Devletin bana atacağı suç beni hiç ilgilendirmedi. Ben vicdanımla sorumluyum. Ne dedikleri gerçekten umurumda değil. Devlet ne derse desin, iktidar ne ile suçlarsa suçlasın benim vicdanım rahat. Savcıları falan ikna etmek zorlaşıyor. 'Şunla arkadaş mısın?' diyorlar. Yahu sormadım arkadaş, ne olduğunu sormadım kimsenin. Gözlerine bakıyorum samimiyet görüyorsam insana yakınlaşıyorum. İyi bir insanı nasıl elimin tersiyle itebilirim. Bizi bununla sınırlamak istiyorlar.
Yüksel Caddesi eylemcilerine ‘ev hapsi’ cezası
'POLİS ÇOCUKLARINA AYRI BİR SEVGİYLE YAKLAŞTIM'
Eylemlerde öğrencileriniz de sizi ziyarete geliyordu Yüksel Caddesi'nde...
Ben öğrencilerimle çok iyi anlaşırdım. Onları elbette çok özledim. Ben babasının mesleğinden dolayı çocuğa farklı davranan öğretmenler de gördüm. Ama öğrendiğim bir şey var, çocuk çok masum. AKP'li ailesi olan polis çocuğu olan yüzlerce öğrencim oldu. Herkese kendi ihtiyacı olan gibi davrandım. Polis çocukları biraz daha sevgi isteyen çocuklardı, samimiyet isteyen çocuklardı. Onlara ayrı bir sevgi ile yaklaştım. Ancak sevgi gören insanlar sevgi dağıtabilirler. Ama bunlar küçücük çocuklardan dahi bir siyasi partiye dair bir tavır bekliyorlar. Kürt düşmanlığı, Alevi düşmanlığı öğretiyorlar.
'BEN BÖYLE DİRENMEYİ BİLMİYORDUM'
Bu süreç size ne öğretti?
Ben de böyle direnmeyi bilmiyordum aslında. Vurdukça parladık. Ben onların yerinde olsaydım bunu sezinlerdim. Baştan bu işi barışçıl halleder dünya aleme rezil olmazdım. Onlar akıllarıyla değil güdüleriyle hareket ediyorlar. İnsani hareket etselerdi kimse imdat diye bağırmazdı. Ne kadar zalimsek bizden o kadar korkarlarsa başarılıyız diye düşünüyorlar.
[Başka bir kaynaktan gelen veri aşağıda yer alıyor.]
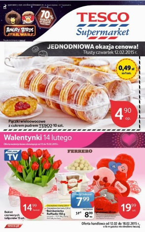 Nowa gazetka promocyjna Tesco. Polecane promocje z gazetki Tesco: Pączki wieloowocowe z cukrem pudrem Tesco 10 sztuk - 4,90 zł. Bukiet czerwonych tulipanów 15 sztuk - 14,99 zł. Serce pluszowe 30 cm - 19,99 zł. Oferta ważna…

En çok sizi bu süreçte ne etkiledi?
Veli ile Konur'da oturuyorduk. Gözlerindeki samimiyeti görüyordum iki kişi geldi sıkı sıkı sarıldı. İkimizde İslamcı bir çevrede büyüdük dediler. 'Sizlere hep komünist, Allahsız diye baktık ama bugün anlıyorum ki gerçek içimizdeki tanımladığımız Müslüman sizmişsiniz. Çok vicdan azabı çektim sizinle helalleşmeye geldim' dediler. Gerçek Müslüman yumuşak ve çevresiyle ilişkileri iyi olandır. Çocuklarıma da anlatırdım. Bu dünyayı cennete çeviren cennete gider, cehenneme çeviren de cehenneme.